The haze and the total light transmittance can be measured using, for example, a spectroscope such as AUTOMATIC HAZE METER MODEL TC-III DPK (manufactured by Tokyo Denshoku Co., Ltd.). Further, the cured product used for measuring the haze and the total light transmittance, and the moisture permeability and the water content described later, is irradiated with ultraviolet rays having a wavelength of 395 nm at 1000 mJ / cm ² using, for example, a light source such as an LED lamp. Can be obtained by

The encapsulant for an organic EL display element of the present invention 1 is preferably coated with a thickness of 10 μm in advance and then irradiated with ultraviolet rays of 395 nm at 1000 mJ / cm ² to generate an outgas amount of less than 1000 ppm. .. When the amount of outgas generated is less than 1000 ppm, the obtained organic EL display element becomes more reliable. The more preferable upper limit of the amount of outgas generated is 500 ppm, and the more preferable upper limit is 100 ppm.
The smaller the amount of outgas generated, the better, and there is no particular preferable lower limit, but the amount is substantially 5 ppm or more.
The amount of outgas generated can be measured using a gas chromatograph mass spectrometer (for example, JMS-Q1050 (manufactured by JEOL Ltd.)).

The encapsulant for an organic EL display element of the present invention 2 has an outgas generation amount of less than 1000 ppm obtained by irradiating the sealant for an organic EL display element with a thickness of 10 μm in advance and then irradiating with ultraviolet rays of 395 nm at 1000 mJ / cm ² . When the amount of outgas generated is less than 1000 ppm, the obtained organic EL display element becomes excellent in reliability. The preferable upper limit of the amount of outgas generated is 500 ppm, and the more preferable upper limit is 100 ppm.
The smaller the amount of outgas generated, the better, and there is no particular preferable lower limit, but the amount is substantially 5 ppm or more.

The encapsulant for an organic EL display element of the present invention has a moisture permeability of 100 g / g at a thickness of 100 μm measured by exposing a cured product to an environment of 85 ° C. and 85% RH for 24 hours in accordance with JIS Z 0208. It is preferably m ² or less. When the moisture permeability is 100 g / m ² or less, the effect of preventing the deterioration of the organic light emitting material layer due to the moisture in the cured product becomes excellent, and the obtained organic EL display element becomes more excellent in reliability.

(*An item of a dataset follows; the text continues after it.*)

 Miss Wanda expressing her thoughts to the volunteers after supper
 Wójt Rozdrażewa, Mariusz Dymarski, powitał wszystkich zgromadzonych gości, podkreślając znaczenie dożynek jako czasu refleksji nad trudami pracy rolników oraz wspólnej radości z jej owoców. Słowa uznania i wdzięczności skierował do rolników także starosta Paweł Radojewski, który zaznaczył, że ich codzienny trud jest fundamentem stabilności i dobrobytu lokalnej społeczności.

The encapsulant for an organic EL display element of the present invention preferably has a water content of less than 0.5% when the cured product is exposed to an environment of 85 ° C. and 85% RH for 24 hours. When the water content of the cured product is less than 0.5%, the effect of preventing deterioration of the organic light emitting material layer due to moisture in the cured product is more excellent, and the obtained organic EL display element is more reliable. It becomes. A more preferable upper limit of the water content of the cured product is 0.3%.
Examples of the method for measuring the water content include a method of obtaining by the Karl Fischer method according to JIS K 7251 and a method of obtaining the weight increment after water absorption according to JIS K 7209-2.

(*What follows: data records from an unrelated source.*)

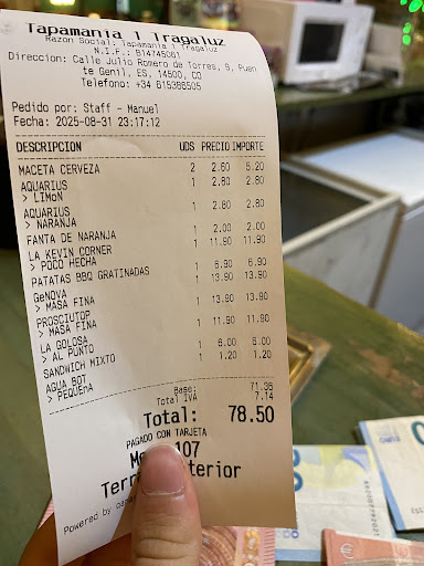 En toda esa diferencia que se lleva el restaurante espero que no incluyan la atención al cliente, que es nefasta, el camarero rapado de tatuajes trabaja sin ganas, llega a nuestra mesa y nos sirve los cubiertos y los platos sin repartirlos, la bebida sin repartirla. Al cabo de un rato, llegó con un sándwich que pedimos un amigo y yo a medias, preguntó para quien era, le respondí que era para nosotros dos y lo soltó en la mesa con fuerza y con desgana. Después al pedir la cuenta, el mismo camarero llegó por detrás nuestra diciendo “Vamooooos” en voz alta, metiendo prisa. No es la primera vez que tengo una mala experiencia con este trabajador del Tapamania. La cuenta no puede ser por separado, puedo entender que no sea por separado cuando la mesa es de diez personas, pero éramos cuatro personas que habíamos pedido un refresco y un plato cada uno y uno para el centro.
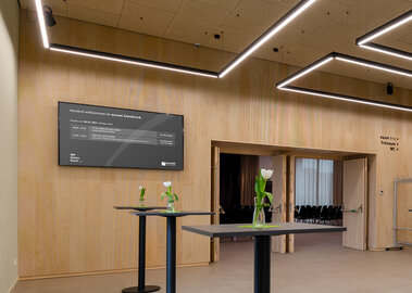 The deliberate placement of screens in the foyer of some of our novum locations gives visitors a good overview and orientation of the event on offer. Some of the advertising screens face out onto the street, enabling an exclusive external appearance that can be easily booked at any time. We are happy to design the displayed content in consultation with your branding.
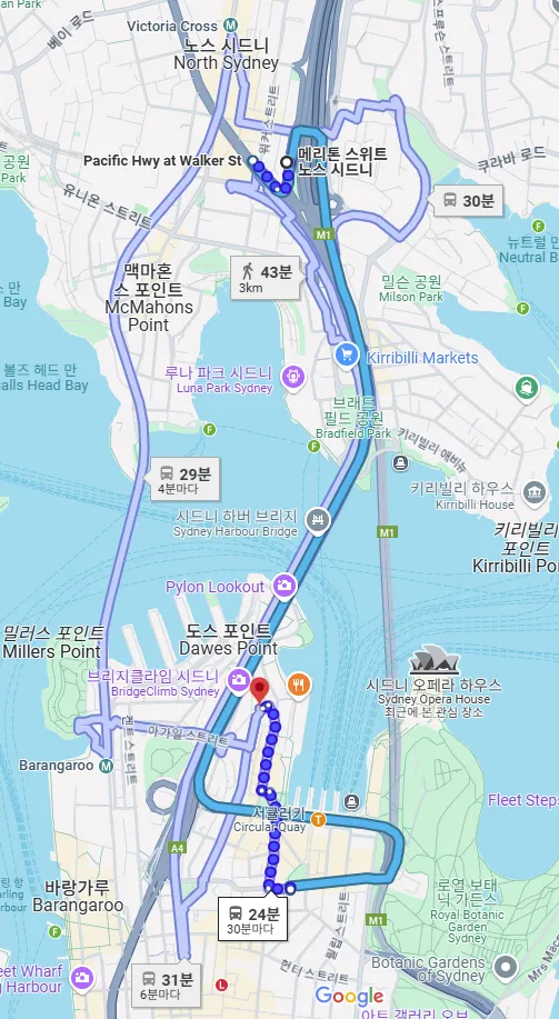 11월 여행을 2월에 작성하고 있어 정확히 기억이 나지 않지만 =ㅅ=… 대충 아래같은 루트였기 때문에, 도보로 살짝 이동해야 했다.

The encapsulant for an organic EL display element of the present invention is preferably used for coating by an inkjet method.
As a method for manufacturing an organic EL display element using the sealant for an organic EL display element of the present invention, for example, a step of applying the sealant for an organic EL display element of the present invention to a substrate by an inkjet method. Examples thereof include a method having a step of curing the applied sealing agent for an organic EL display element by light irradiation and / or heating.

In the step of applying the sealing agent for an organic EL display element of the present invention to a base material, the sealing agent for an organic EL display element of the present invention may be applied to the entire surface of the base material, or may be applied to a part of the base material. It may be applied. The shape of the sealing portion of the sealing agent for the organic EL display element of the present invention formed by coating is not particularly limited as long as it can protect the laminated body having the organic light emitting material layer from the outside air, and the laminated body is not particularly limited. The shape may be a shape that completely covers the body, a closed pattern may be formed in the peripheral portion of the laminated body, or a pattern having a partially opened portion in the peripheral portion of the laminated body may be formed. It may be formed.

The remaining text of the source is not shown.